Data records:
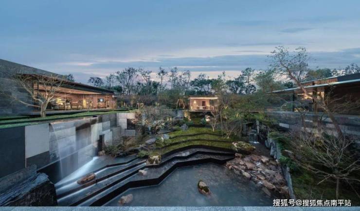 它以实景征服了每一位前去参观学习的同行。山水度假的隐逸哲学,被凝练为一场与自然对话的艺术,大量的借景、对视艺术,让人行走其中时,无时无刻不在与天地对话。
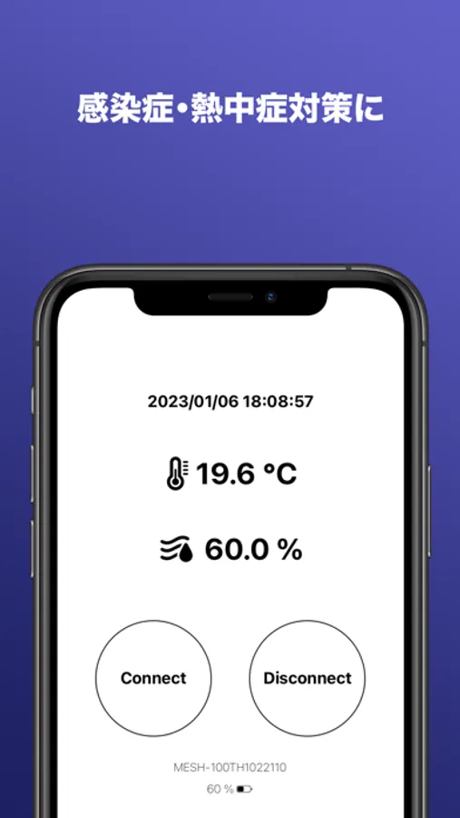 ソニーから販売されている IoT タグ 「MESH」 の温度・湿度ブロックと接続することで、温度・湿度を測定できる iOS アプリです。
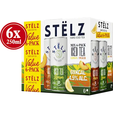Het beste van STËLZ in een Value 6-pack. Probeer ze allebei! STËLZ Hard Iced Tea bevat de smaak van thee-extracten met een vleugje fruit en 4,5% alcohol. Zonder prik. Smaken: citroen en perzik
...
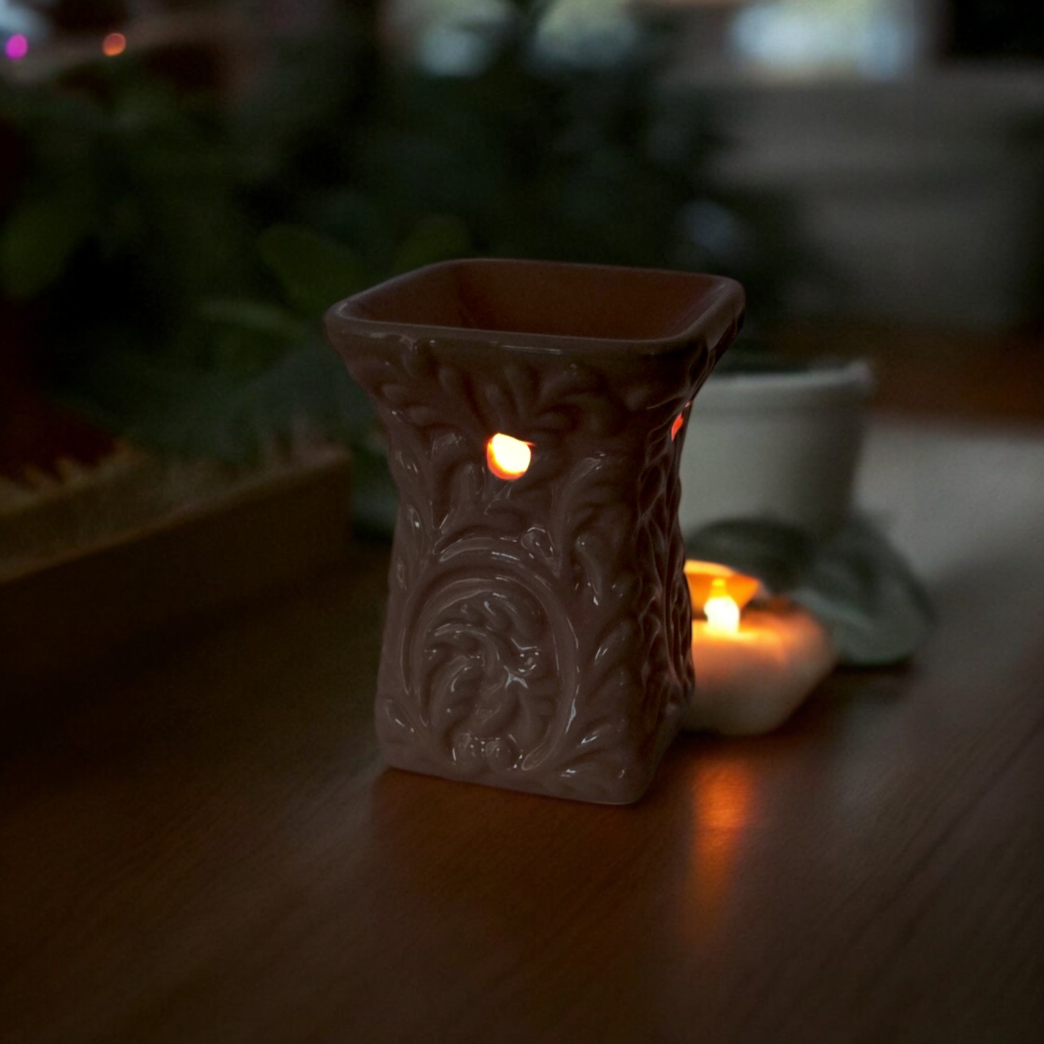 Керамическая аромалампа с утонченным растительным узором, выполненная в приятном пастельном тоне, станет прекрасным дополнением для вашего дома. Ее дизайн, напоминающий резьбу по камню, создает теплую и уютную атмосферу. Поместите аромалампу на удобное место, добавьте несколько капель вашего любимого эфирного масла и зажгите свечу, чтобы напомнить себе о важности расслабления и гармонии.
==
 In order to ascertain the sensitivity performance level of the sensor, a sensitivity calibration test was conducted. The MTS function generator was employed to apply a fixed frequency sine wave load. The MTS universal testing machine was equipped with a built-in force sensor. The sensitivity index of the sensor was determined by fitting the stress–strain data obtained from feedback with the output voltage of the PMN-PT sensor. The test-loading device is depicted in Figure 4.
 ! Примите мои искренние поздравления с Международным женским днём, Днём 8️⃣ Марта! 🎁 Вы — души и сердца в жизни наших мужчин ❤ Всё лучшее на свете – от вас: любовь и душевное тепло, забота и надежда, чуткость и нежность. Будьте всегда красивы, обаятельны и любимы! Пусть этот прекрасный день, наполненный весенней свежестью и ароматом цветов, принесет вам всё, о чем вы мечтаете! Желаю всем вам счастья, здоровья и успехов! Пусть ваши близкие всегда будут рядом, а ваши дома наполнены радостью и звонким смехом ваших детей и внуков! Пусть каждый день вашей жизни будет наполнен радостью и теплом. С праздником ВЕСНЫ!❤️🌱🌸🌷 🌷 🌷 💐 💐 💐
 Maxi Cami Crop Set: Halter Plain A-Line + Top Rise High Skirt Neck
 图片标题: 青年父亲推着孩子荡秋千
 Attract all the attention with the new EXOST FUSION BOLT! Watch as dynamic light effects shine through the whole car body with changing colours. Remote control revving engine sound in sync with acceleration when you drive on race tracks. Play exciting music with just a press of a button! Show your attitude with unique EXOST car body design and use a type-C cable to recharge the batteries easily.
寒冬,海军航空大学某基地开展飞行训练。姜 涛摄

Exercise objective: Repeat exactly the lines above, from the line that contains "它以实景征服了每一位前去参观" down through the line that contains "ソニーから販売されている IoT タグ". Include both of those lines and none of the pictures.

Response for this exercise:
 它以实景征服了每一位前去参观学习的同行。山水度假的隐逸哲学,被凝练为一场与自然对话的艺术,大量的借景、对视艺术,让人行走其中时,无时无刻不在与天地对话。
 ソニーから販売されている IoT タグ 「MESH」 の温度・湿度ブロックと接続することで、温度・湿度を測定できる iOS アプリです。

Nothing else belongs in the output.